# ULTIMATE DEER GUN,...OR JUST PLAIN FUN READING....



## Danimal (Sep 9, 2005)

http://www.buckstix.com/howitzer.htm


----------



## HUNTNFISHND (Mar 16, 2004)

:lol: :lol:


----------



## WingedShooter7 (Oct 28, 2005)

:lol: :withstupid: :lol: :beer:


----------



## Remington 7400 (Dec 14, 2005)

Anybody have a brass rod big enough to mill a 12 pound howitzer barrel from?
:beer: 
:sniper:


----------



## greenheadfallon (Oct 19, 2005)

Sounds like my kind of gun! :sniper:


----------



## natemil373 (Dec 3, 2005)

Heck, I thought this was a joke when I first started to read this, but I think that he is serious.
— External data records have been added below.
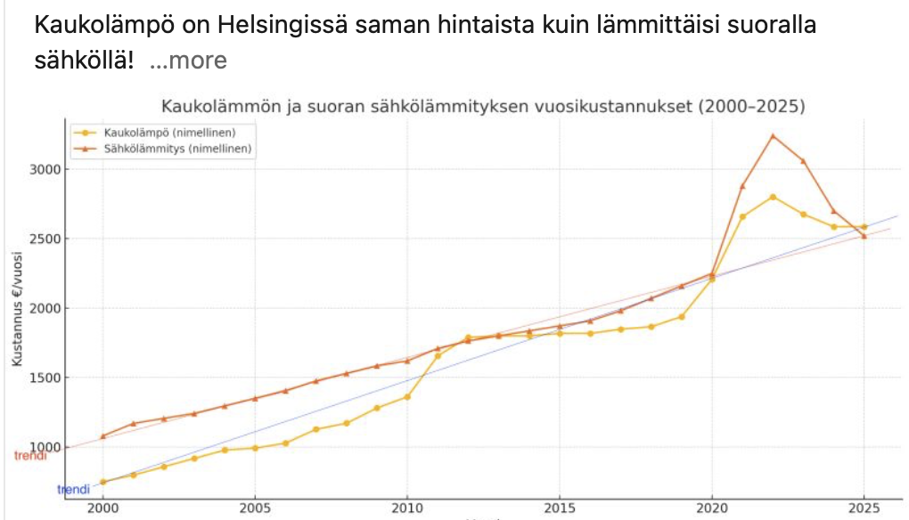 Yleisin syy on kustannukset. Kaukolämmön hinta on noussut merkittävästi viime vuosina, ja monella paikkakunnalla kaukolämmöllä lämmittäminen maksaa saman verran kuin suoralla sähkölämmityksellä.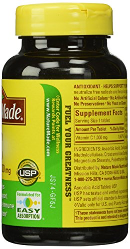 -. Binding : Health and Beauty -. Brand : Nature Made -. Color : multicolored -. EAN : 0031604014896 -. Feature : Pack of 3 100-count bottles (total of 300-counts) / Boosts the immune system for a healthier lifestyle / Works in conjunction with vitamin E to promote antioxidant activities / Helps neutralize free radicals / No artificial colors, flavors, or preservatives -. IsAdultProduct : 0 -. Label : Nature Made -. Manufacturer : Nature Made -. Model : hhh-kyyy-tra-rat7835 -. MPN : EV-V5FE-QV0T -. NumberOfItems : 3 -. PackageQuantity : 3 -. PartNumber : EV-V5FE-QV0T -. ProductGroup : Health and Beauty -. ProductTypeName : HEALTH_PERSONAL_CARE -. Publisher : Nature Made -. Size : 300 -. Studio : Nature Made -. Title : Nature Made Vitamin C 1000mg, 100 Tablets (Pack of 3) -. UPC : 031604014896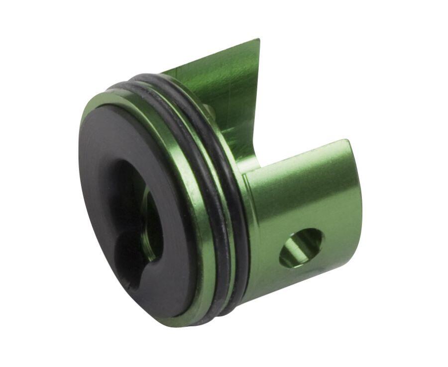 The ULTIMATE® Upgrade Series cylinder head have been CNC manufactured in machine-aluminium and thereafter anodized with a colour code for easy recognition. The heads have been designed with double rubber seals to minimize loss of compression from the cylinder. The special ‘trumpet design’ ensures optimal delivery of air to the barrel/BB. Furthermore, the cylinder heads have a powerful built-in rubber band that absorbs the shock from the piston head.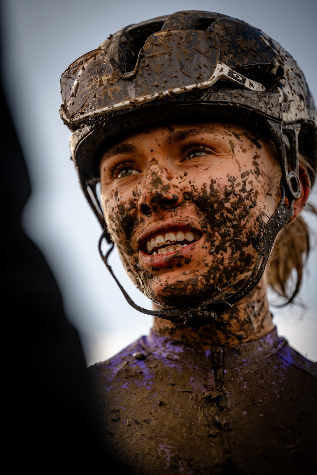 Rapidement, un groupe de trois pilotes se détache en tête de la course : Léna Gérault emporte dans son sillage Loana Lecomte et Flavie Guille. Pluie lors des jours précédents, soleil en ce début de week-end et nombreux passages avec les reconnaissances, toutes les conditions sont réunies pour que le circuit de 1,3 km soit rendu collant et éprouvant à rouler… Pour le côté technique par contre, on repassera. Avec un parcours relativement plat et affichant peu d’obstacles techniques, ces championnats de France XCC ont pris quelques airs de cyclo-cross… encore plus avec toute cette boue !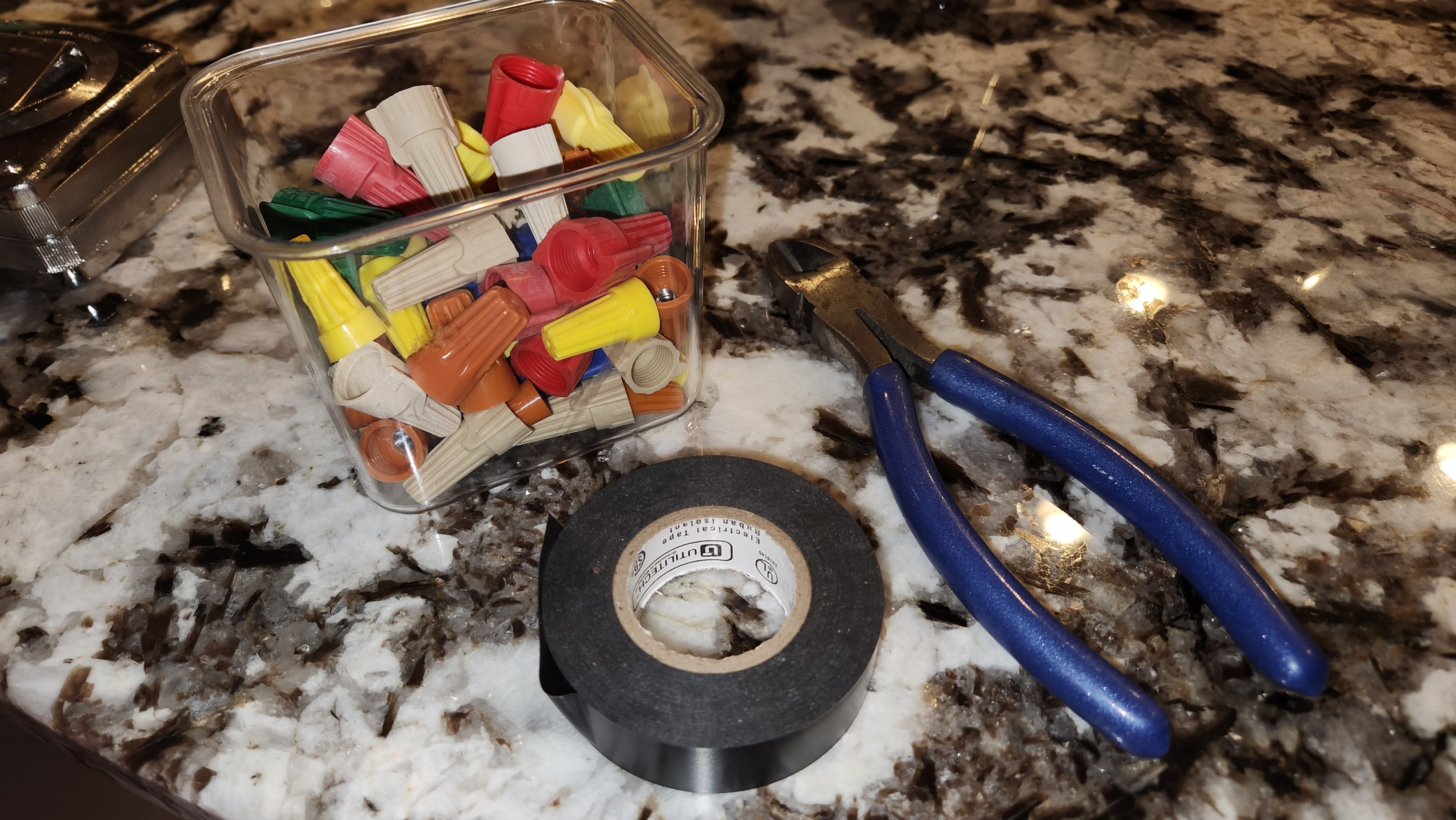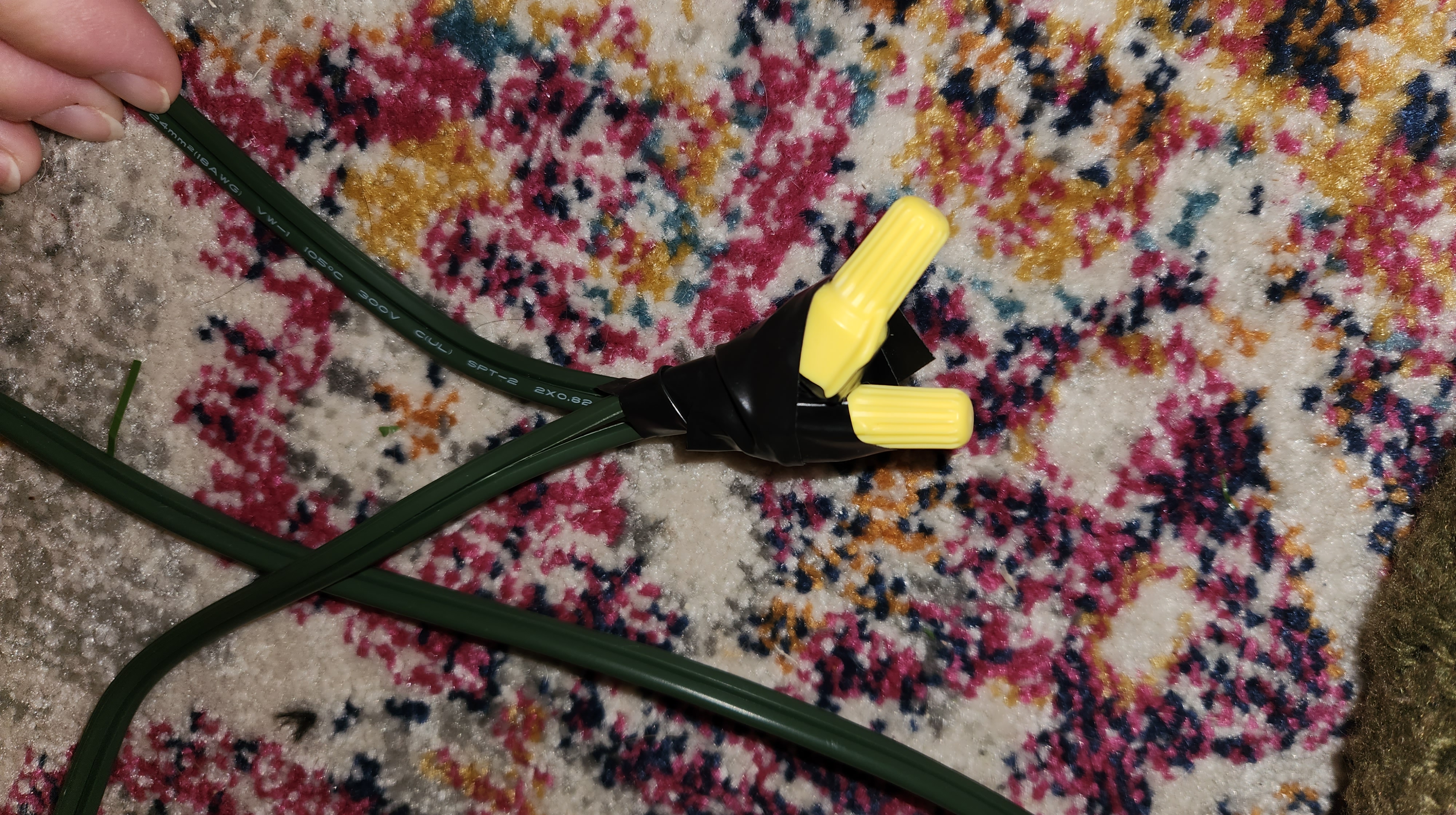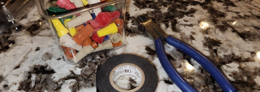 Fortunately, it was just the chord … and it wasn’t plugged in. I peeked up from the floor and asked Greg if we had electrical tape. He said yes and suspiciously asked why. When I told him, he just groaned and rolled his eyes … then went to get the tape from the garage.

Neat.


----------



## PAwoodsman (Jan 10, 2006)

That gives me some new ideas about deer huntin tatics

:lol:


----------



## Hawkseye (Nov 21, 2005)

I'd have to put a scope on it, though..


----------



## MossyMO (Feb 12, 2004)

OK, this guy is crazy !!!


----------



## goosehunter29 (Sep 23, 2003)

wow........that is awesome


----------



## nutt (Jan 17, 2006)

thats halarious


----------



## bowshot (Feb 15, 2006)

what about using it on flocks of geese with say a load of .32 steel ball bearings, but seriousley that has to be one of the best hunting stories ever


----------



## Hawkseye (Nov 21, 2005)

They used to actually have "goose guns" that were designed to throw out huge amounts of shot into flocks of geese that could take 50 birds with one shot...not too much unlike the portrayed cannon...


----------



## honkbuster3 (Jan 11, 2006)

who the heck would think of that?????? It looks like he just about ruined the meat. .........I will have to use that for my duck hunting next year....NO MORE WOUNDED DUCKS!  :beer:


----------